▸ **How to complete this task**: Copy only what lies from the line containing "ホワイトムーンストーン ピアス ワイヤーラッピング 14kgf" through the line containing "Criw Galwad Cynnar ar y Migneint yn yr eira." in the entries below, keeping both end lines exact and dropping every picture.

▸ **Available data**:

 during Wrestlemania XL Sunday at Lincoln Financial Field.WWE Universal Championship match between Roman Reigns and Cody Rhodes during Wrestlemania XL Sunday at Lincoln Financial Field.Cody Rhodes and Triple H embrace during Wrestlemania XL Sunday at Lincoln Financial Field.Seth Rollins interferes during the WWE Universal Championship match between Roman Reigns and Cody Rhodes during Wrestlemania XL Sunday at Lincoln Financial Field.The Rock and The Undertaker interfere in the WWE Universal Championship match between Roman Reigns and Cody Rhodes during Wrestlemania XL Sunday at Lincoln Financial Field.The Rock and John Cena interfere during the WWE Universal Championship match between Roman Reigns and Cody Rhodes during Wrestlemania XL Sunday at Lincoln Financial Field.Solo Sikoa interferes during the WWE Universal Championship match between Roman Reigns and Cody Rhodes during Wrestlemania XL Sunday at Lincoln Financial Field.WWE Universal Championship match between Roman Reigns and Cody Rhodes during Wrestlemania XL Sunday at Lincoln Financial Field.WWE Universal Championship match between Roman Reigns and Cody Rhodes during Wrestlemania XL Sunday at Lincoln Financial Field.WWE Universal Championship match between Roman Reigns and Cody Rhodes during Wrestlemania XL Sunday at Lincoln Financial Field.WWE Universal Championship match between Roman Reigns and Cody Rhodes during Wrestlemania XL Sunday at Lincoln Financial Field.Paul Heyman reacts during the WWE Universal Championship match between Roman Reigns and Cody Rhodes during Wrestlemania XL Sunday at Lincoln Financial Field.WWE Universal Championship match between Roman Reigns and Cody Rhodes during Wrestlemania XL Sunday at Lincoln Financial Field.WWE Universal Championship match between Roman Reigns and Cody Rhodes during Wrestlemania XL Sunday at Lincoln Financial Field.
---
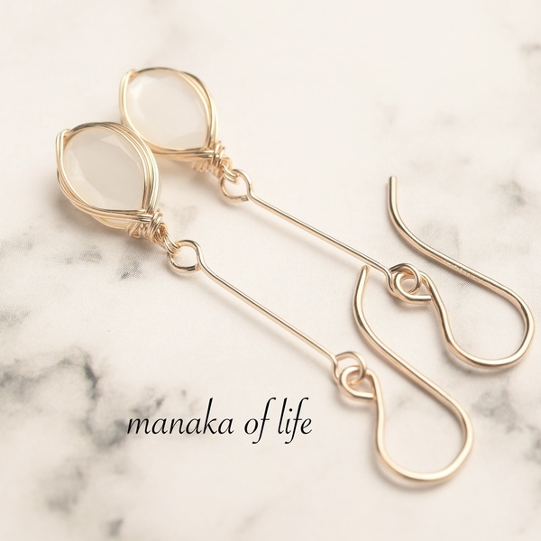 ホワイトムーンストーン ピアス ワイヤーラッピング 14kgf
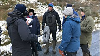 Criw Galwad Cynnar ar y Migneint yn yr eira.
* * *
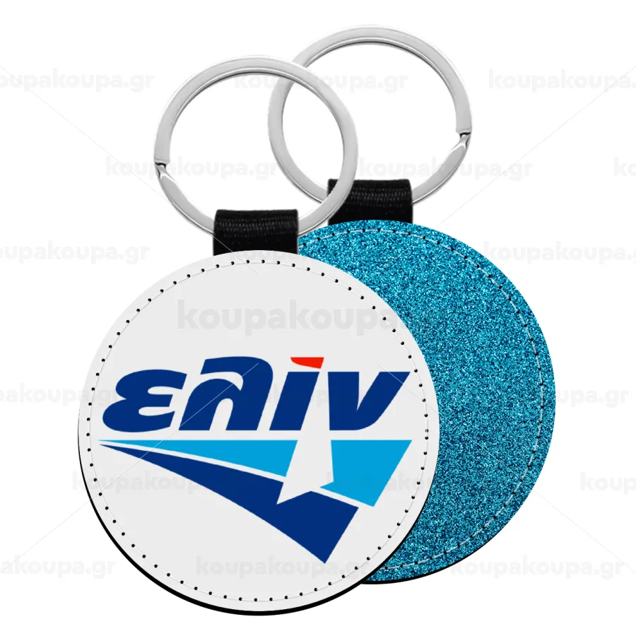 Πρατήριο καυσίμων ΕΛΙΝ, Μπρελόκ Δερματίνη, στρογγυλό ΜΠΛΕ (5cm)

▸ **Answer to the problem**:
 ホワイトムーンストーン ピアス ワイヤーラッピング 14kgf
 Criw Galwad Cynnar ar y Migneint yn yr eira.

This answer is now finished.